The 10.24 kilometers were broken up into five 2,000-meter loops. Each loop took the runners through a water splash, a mud pit, a sand pit, through a beer tent, up a 10-percent incline over the roof of the Moesgaard Museum, and around a 180-degree turn.
While the field is always full of many of the best distance runners around the globe, the terrain was a challenge unto itself. The American women were led by Stephanie Bruce, who took 33rd in 39:09, followed by Sarah Pagano (50th), Anne-Marie Blaney (51st), Karissa Schweizer (56th), Marielle Hall (58th), and Courtney Frerichs (78th).
“I’m proud of Team USA’s effort even if it wasn’t the result we were looking for,” Bruce wrote on an Instagram post. “We found each other, worked together when we could. We all managed fatigue out there.”
Frerichs, who is the American record holder in the 3,000-meter steeplechase (9:00.85) and world silver medalist in the same event, said she was disappointed with her performance, but hoping it builds strength for the upcoming outdoor track season.
“Well, not really sure what to say about that one except, ouch,” she wrote on Instagram. “Definitely one of the hardest days of racing I’ve ever had and without a doubt the toughest race I’ve ever experienced.”

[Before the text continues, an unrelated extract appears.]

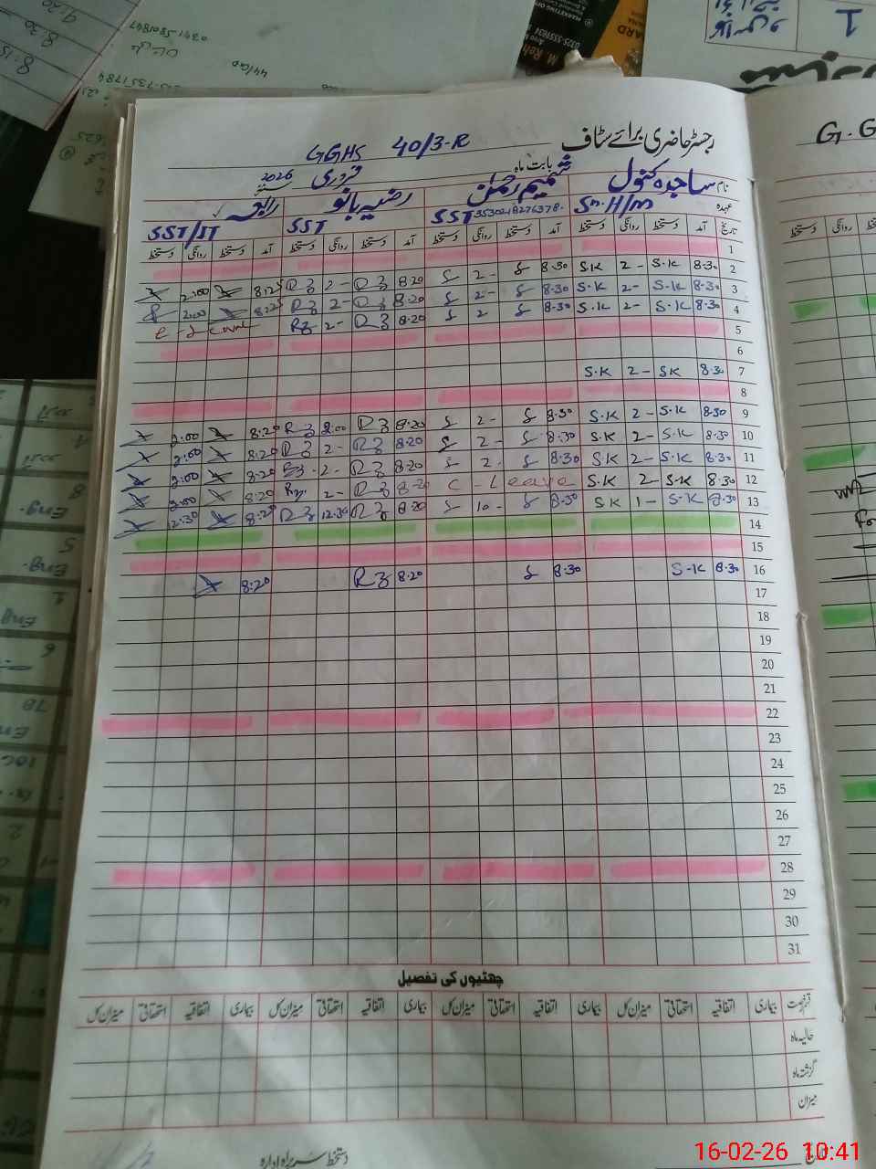 | CNIC | Full Name | Designation | R/C | Absence During Last Calender Month |

Kenya’s Hellen Obiri, who is the reigning 5,000-meter world champion, won in 36:14, making her the first woman in history to claim world champion titles in cross country, indoor track, and outdoor track. After the race, she said she won’t return to the grass.
“It is really special,” Obiri said. “It was my debut IAAF World Cross Country Championships and my only chance to do it. I now don’t need to do any more cross country.”
Ethiopia won the women’s team gold, followed by Kenya (silver), and Uganda (bronze).